Yawalapití - Religion and Expressive Culture



Religious Beliefs. Christian influence on the Yawalapití has been negligible, owing to the absence of Christian missions in the region. For this reason, traditional animism prevails. The Yawalapití believe in many spirits. The common name for all spirits is apapalotápu. The aquatic spirit, kwahalu, is hairy and the spirit of the earth, yacula (which also means "a shadow"), is very dangerous. To meet him means death to the Yawalapití. In this context, it is strictly forbidden to pronounce a dead person's name is strictly forbidden, for fear of his or her soul's reappearance.

Religious Practitioners. The Yawalapití distinguish different types of shamans ( pajé ) : the rulers of demonic spirits, the rulers of magic, and herbalists. The shaman's healing treatment consists of smoking tobacco cigars, blowing tobacco smoke over the patient's body, and sucking out the evil, which he wrecks with the purgative fume and crushes with his foot.

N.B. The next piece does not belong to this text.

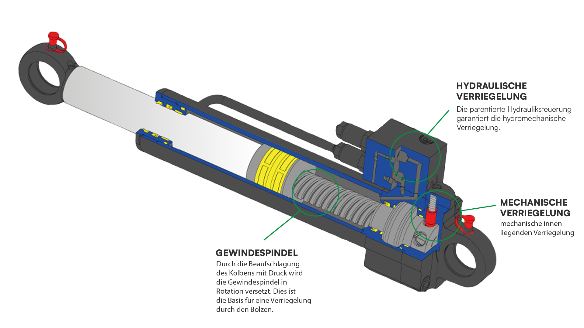 Ein patentierter hydraulischer Verriegelungszylinder, der sowohl eine hydraulische als auch mechanische innen liegende Verriegelung besitzt. Die Besonderheit dieser neuartigen Technologien besteht darin, dass der Zylinder in beide Richtungen sowohl auf Druck als auch auf Zug verriegelt.

The shaman himself becomes narcotized and reaches a level of ecstasy. Other pajé use biomagnetics, and the herbalist uses medicinal plants.

Ceremonies. The initiation ceremony of Yawalapití girls is called Yamuricuma. Prior to her initiation, a girl lets her hair grow to her chin. When the ceremony starts, the girl's hair is cut. The girls are decorated and painted like men, their heads are adorned with diadems, and they dance and sing and use bows and arrows. Later the girls wrestle and they also undergo the rite for clarifying the skin on their arms, thighs, and backs with a fish-tooth instrument. Initiation is a ceremony during which an exceptional girl can be chosen to be the future wife of a future chief. Boys, before their initiation, are isolated for two to three years in the corner of the maloca beyond a mat, where the fathers and grandfathers are in charge of preparing them for adulthood. The Pihiká ceremony is given after piquí fruits drop (October to November). The feast starts with dances, which last for two or three days. After that, the boys have to stand for the whole night, during which their auricles, in order to get anestethized, are smeared with juice from the jumu tree. The following morning the pajé performs the piercing of their earlobes with a sharp point of jaguar bone. In the successive two to three days the boys fast; they conclude the fast by taking a medicine that causes vomiting. The ceremony ends with new names being given to the boys.

Other feasts of the Yawalapití are Tapanawana (Festival of the Leaves), Takwara (Festival of the Flutes), Ihraráka (War Festival), Kuarup (Burial Festival), and Apapálu (Feast of the Sacred Flutes), when the men dress in a strip of jaguar's skin and blow the sacred flutes, which the women are not permitted to see. During the feasts and festivals, the Yawalapití drink a very slightly fermented juice from boiled fruits (piquí), which is held for some months under water. Scarifying the bodies of boys and girls is a prevalent custom, executed many times during their lives.

Medicine. In case of illness, the Yawalapití prefer the help of their pajé even if it is possible to call for medical care at Leonardo Villas Boas Indian Post. In cases of serious illness, one can fly to the hospital of São Félix de Araguaia or to Brasília in FUNAI or FAB airplanes. The Yawalapití believe that pain and illness originate in evil, which reside in the body of the patient in the form of small wooden pieces, stones, seeds, thorns, and the like. To get rid of the illness, the pajé has to remove the objects from the patient's body. He does so by shamanastic means: smoking, blowing the smoke over the patient's body, muttering chants, and sucking out and destroying the evil.

Death and Afterlife. All possessions that belong to a deceased man are buried together with him. The corpse is wrapped in its hammock and mat and is buried in front of the men's house. After one or two months of mourning, the Yawalapití men surround the burial ground with a low fence, the dead person's "house," made of logs of the sacred tree ( mhári ). When the mourning period is ended, the Burial Festival (Kuarup) commences.